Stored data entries
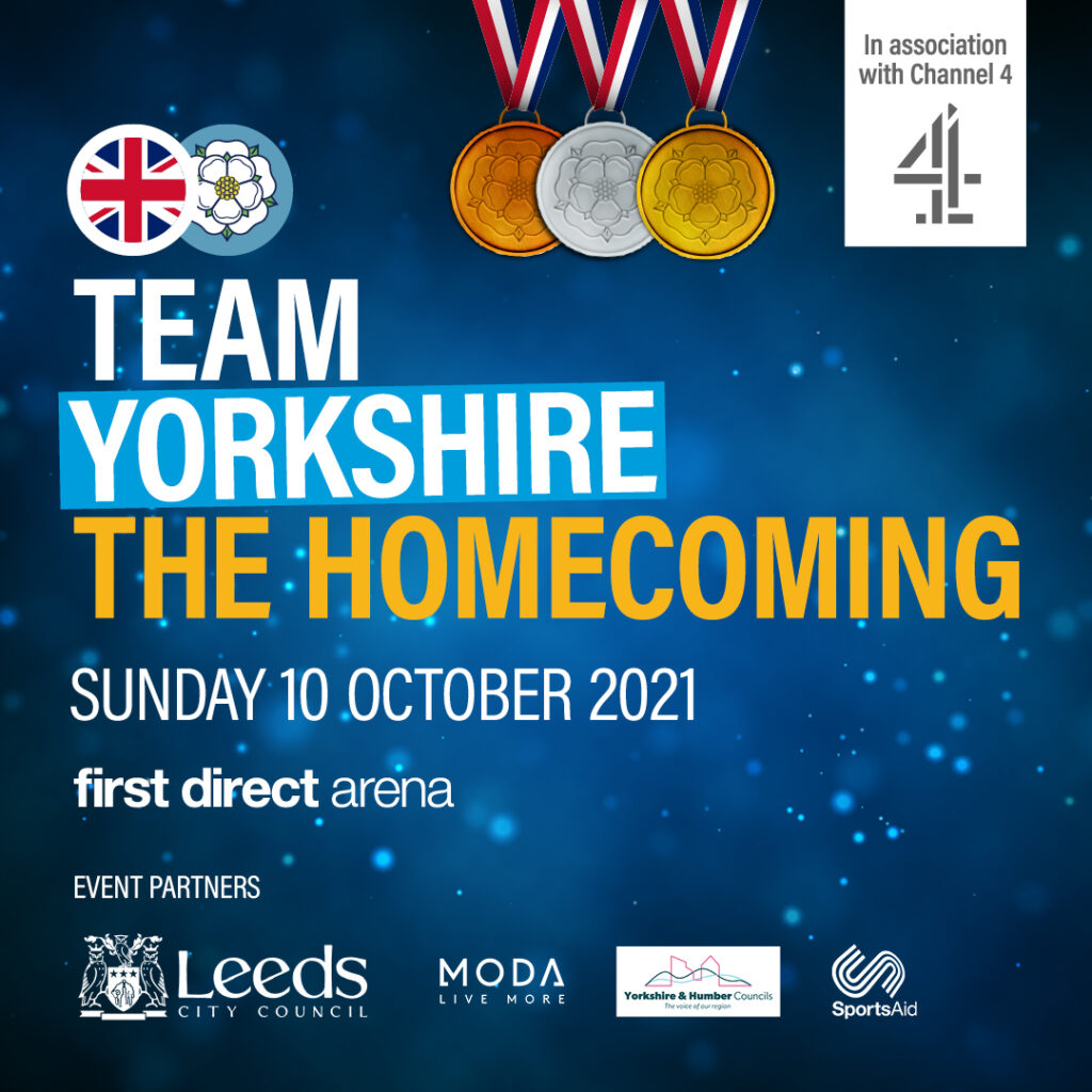 The Team Yorkshire Homecoming event to celebrate the achievements of the Yorkshire Olympians and Paralympians. The event will take place on Sunday 10th October from 3pm – 5pm (doors open at 1.30pm).
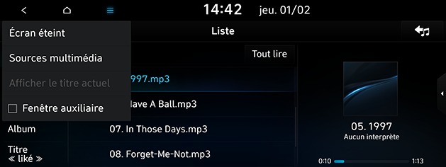 ] > Titres de cet interprète ou sur Titres de cet album pour vous déplacer vers l'écran du menu de liste. -
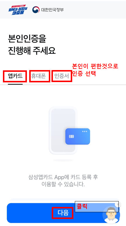 2. 본인인증(앱카드, 핸드폰, 인증서) 후 대상자 조회하기 - 핸드폰으로 인증하기 했습니다.
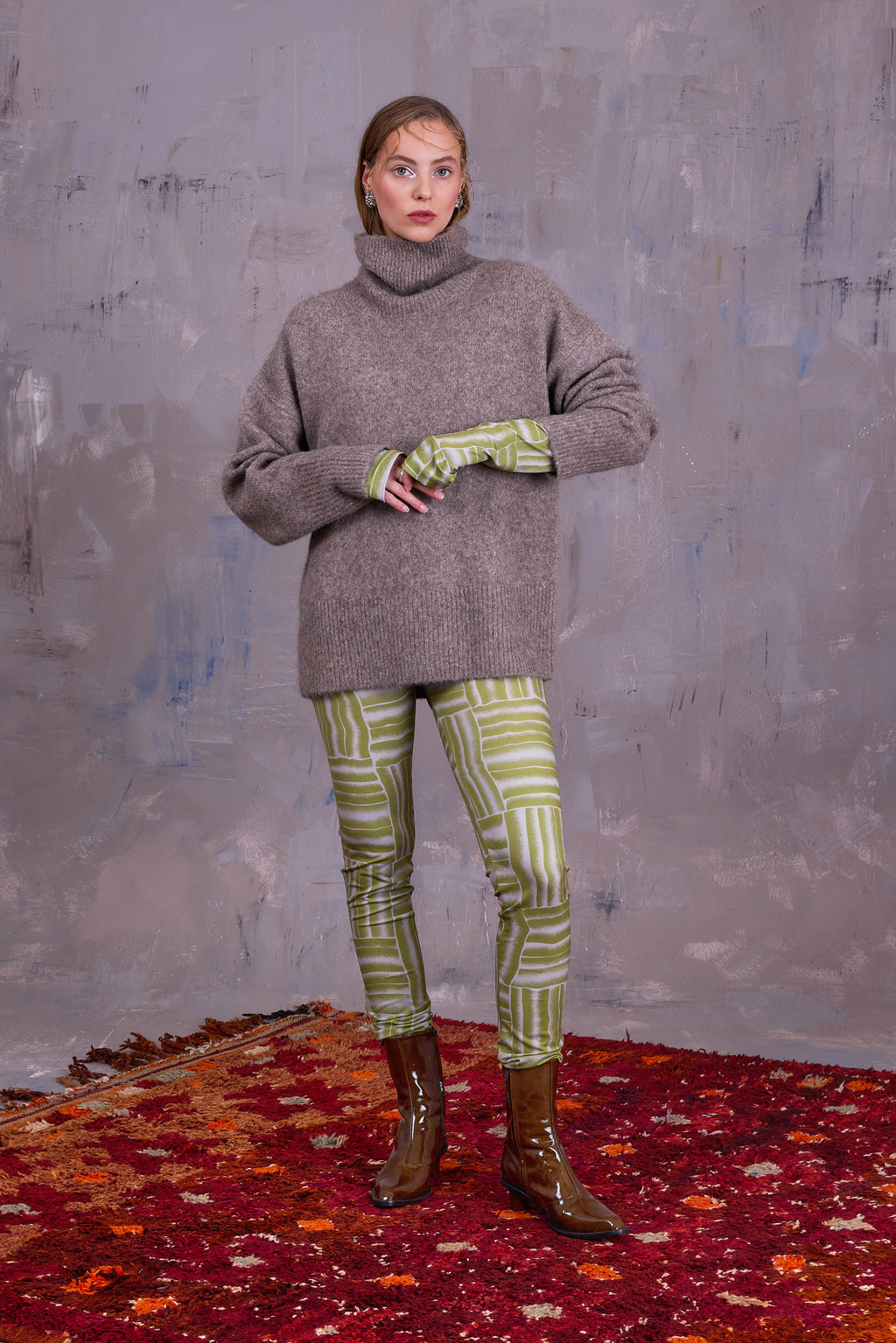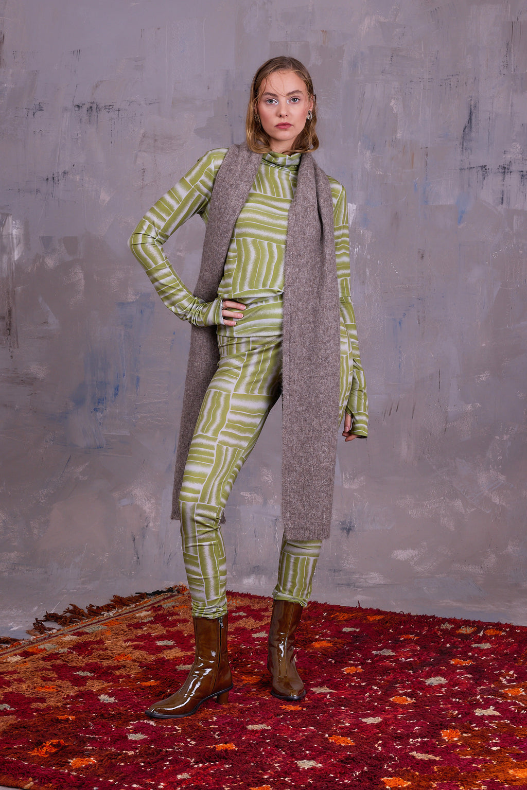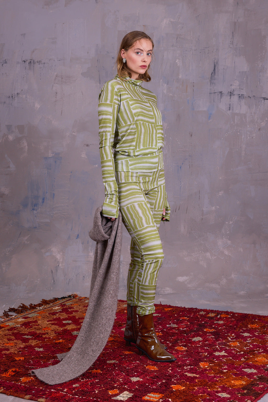 Col roulé ajusté en tissu stretch avec un imprimé conçu dans notre propre atelier. Juste un peu différent parce que les manchons s’allongent optiquement en raison des trous pour les pouces qui maintiennent les manchons à mi-hauteur de votre main. Pièce idéale pour une tenue superposée.
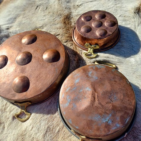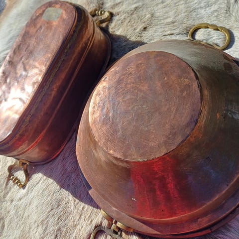 4 gamle sjaemerende kobberlokk for oppheng

:: About this task ::
Give back, word for word, the lines from the line that contains "Col roulé ajusté" through the last line of the records, with no pictures and nothing else.

:: Task answer ::
 Col roulé ajusté en tissu stretch avec un imprimé conçu dans notre propre atelier. Juste un peu différent parce que les manchons s’allongent optiquement en raison des trous pour les pouces qui maintiennent les manchons à mi-hauteur de votre main. Pièce idéale pour une tenue superposée.
 4 gamle sjaemerende kobberlokk for oppheng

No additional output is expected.